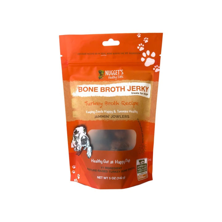 Reward your dog with Nuggets Healthy Eats Jammin Jowlers Dog Treats—bone broth jerky treats for dogs made with integrity and care.
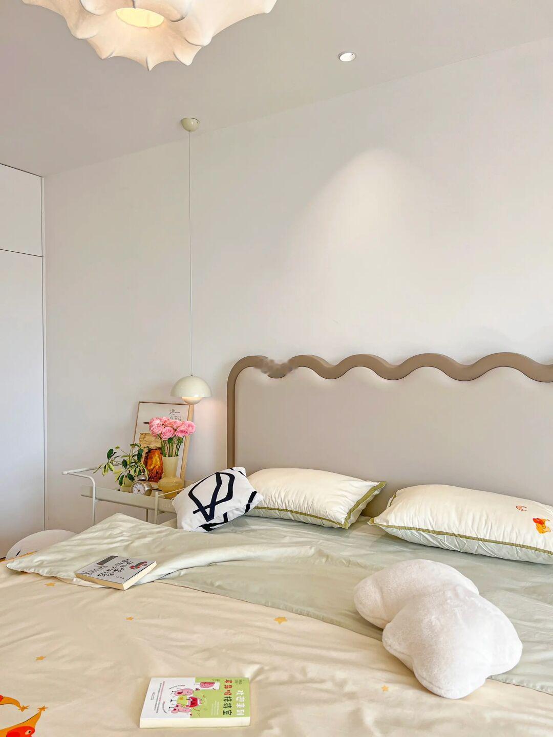▫️有一张舒服的床才会有健康的睡眠和好身体,硬装结束家属就把我心动已久的涟漪床搬回了家🛏️。番茄设计出品家的高床头设计,个性又别致,波浪造型灵动可爱😍
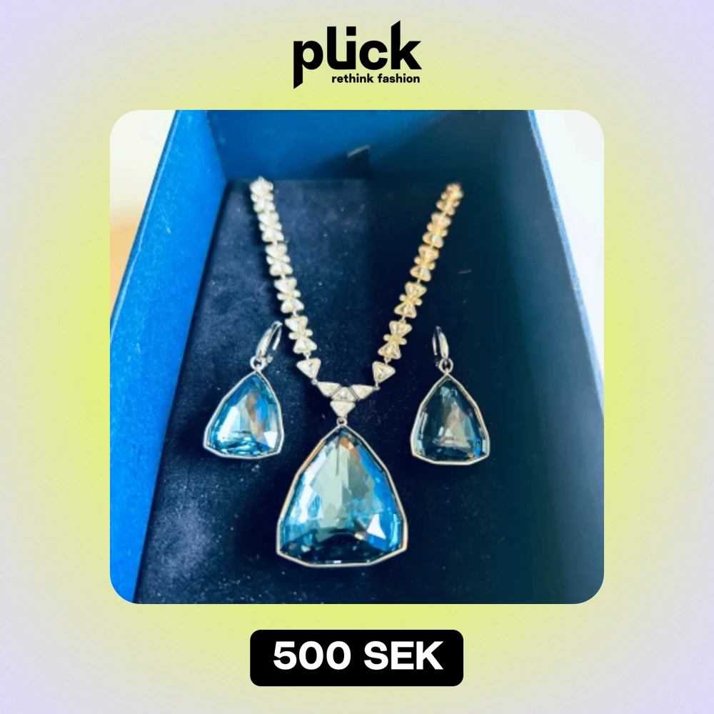 Säljer ett elegant smyckeset från Swarovski med ett halsband och matchande örhängen. Båda har stora, blå kristaller som verkligen fångar ljuset. Halsbandet har en kedja med små, glittrande detaljer och ett säkert lås. Perfekt för speciella tillfällen eller som en lyxig present!
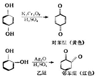 邻苯二酚和对苯二酚比苯酚更容易被氧化成相应的醌,但间苯二酚不能被氧化为相应的醌。醌是一般都具有颜色。
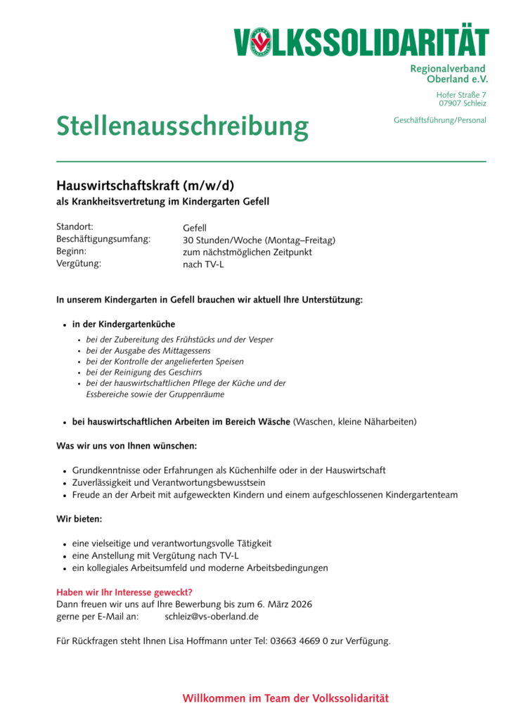 Willkommen im Team der Volkssolidarität Regionalverband Oberland e.V.
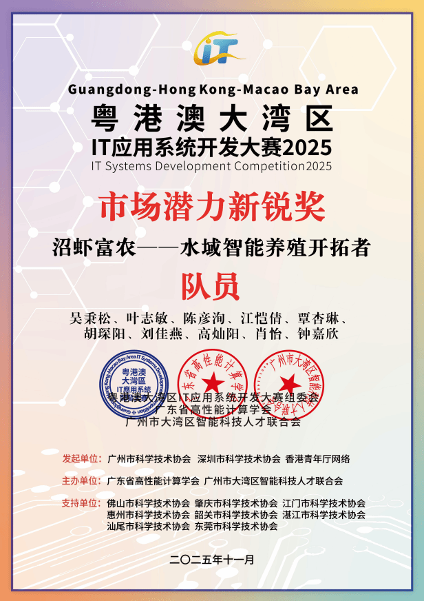 其中,参赛作品《沼虾富农——水域智能养殖开拓者》一举斩获特等奖(铜奖)及“市场潜力新锐奖”。并且,参赛作品《科创AI——基于多模态知识图谱重构算法的可控大模型技术引领者》成功拿下一等奖及“可持续发展贡献奖”双项荣誉。与此同时,参赛作品《稻卫者——基于改进YOLOv10的稻瘟病智能监测机器人》荣获大赛二等奖。
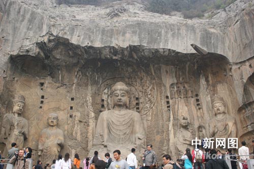 中新網4月19日電 “網上看河南”采風團18日上午探訪龍門石窟。龍門石窟位于河南省洛陽市南,為中國古代佛教石窟藝術的三大寶庫之一。
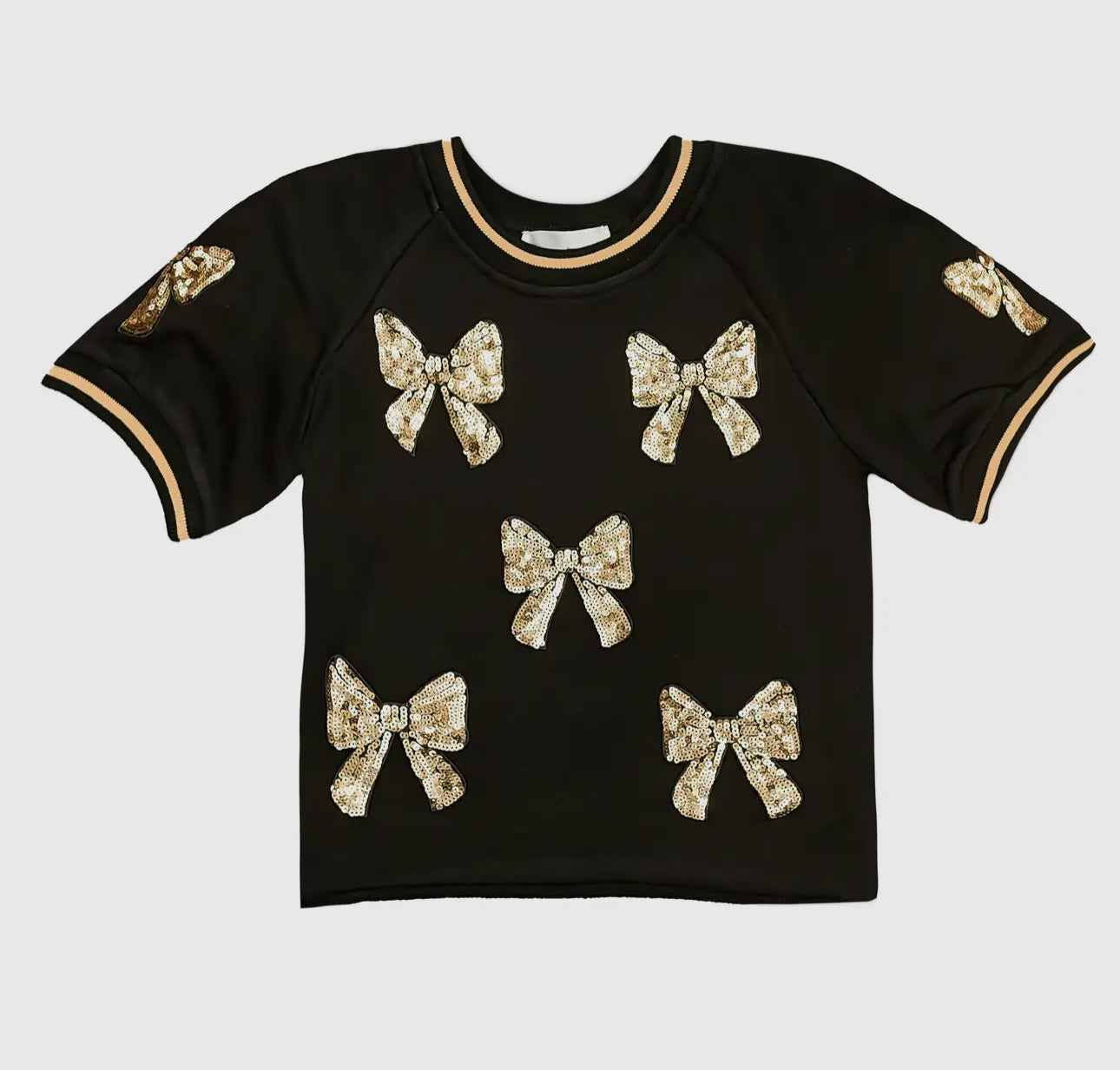 Add a touch of sparkle to your game day look with our Black and Gold Bows Top! Featuring playful bow details in gold sequins, this top brings fun and flair to your outfit. Perfect for cheering on your team in style while shining bright from the stands!
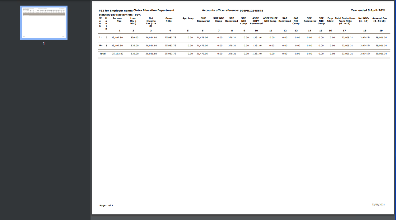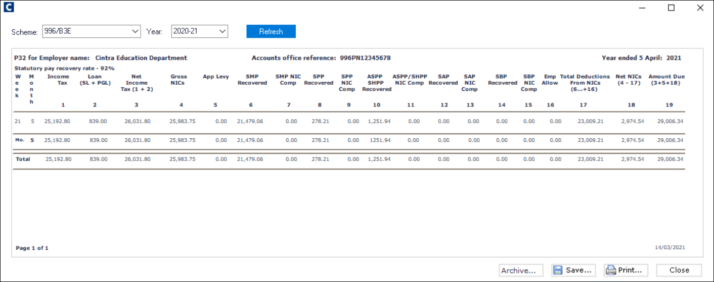 - For each tax scheme selected, click on the Refresh button to see the analysis of payments generated within Cintra iQ.
--------------------------------
### Required action
Retype the entries above exactly, starting at their first line and ending with the line that holds "邻苯二酚和对苯二酚比苯酚更容"; pictures stay out.

### Exercise answer
 Reward your dog with Nuggets Healthy Eats Jammin Jowlers Dog Treats—bone broth jerky treats for dogs made with integrity and care.
▫️有一张舒服的床才会有健康的睡眠和好身体,硬装结束家属就把我心动已久的涟漪床搬回了家🛏️。番茄设计出品家的高床头设计,个性又别致,波浪造型灵动可爱😍
 Säljer ett elegant smyckeset från Swarovski med ett halsband och matchande örhängen. Båda har stora, blå kristaller som verkligen fångar ljuset. Halsbandet har en kedja med små, glittrande detaljer och ett säkert lås. Perfekt för speciella tillfällen eller som en lyxig present!
 邻苯二酚和对苯二酚比苯酚更容易被氧化成相应的醌,但间苯二酚不能被氧化为相应的醌。醌是一般都具有颜色。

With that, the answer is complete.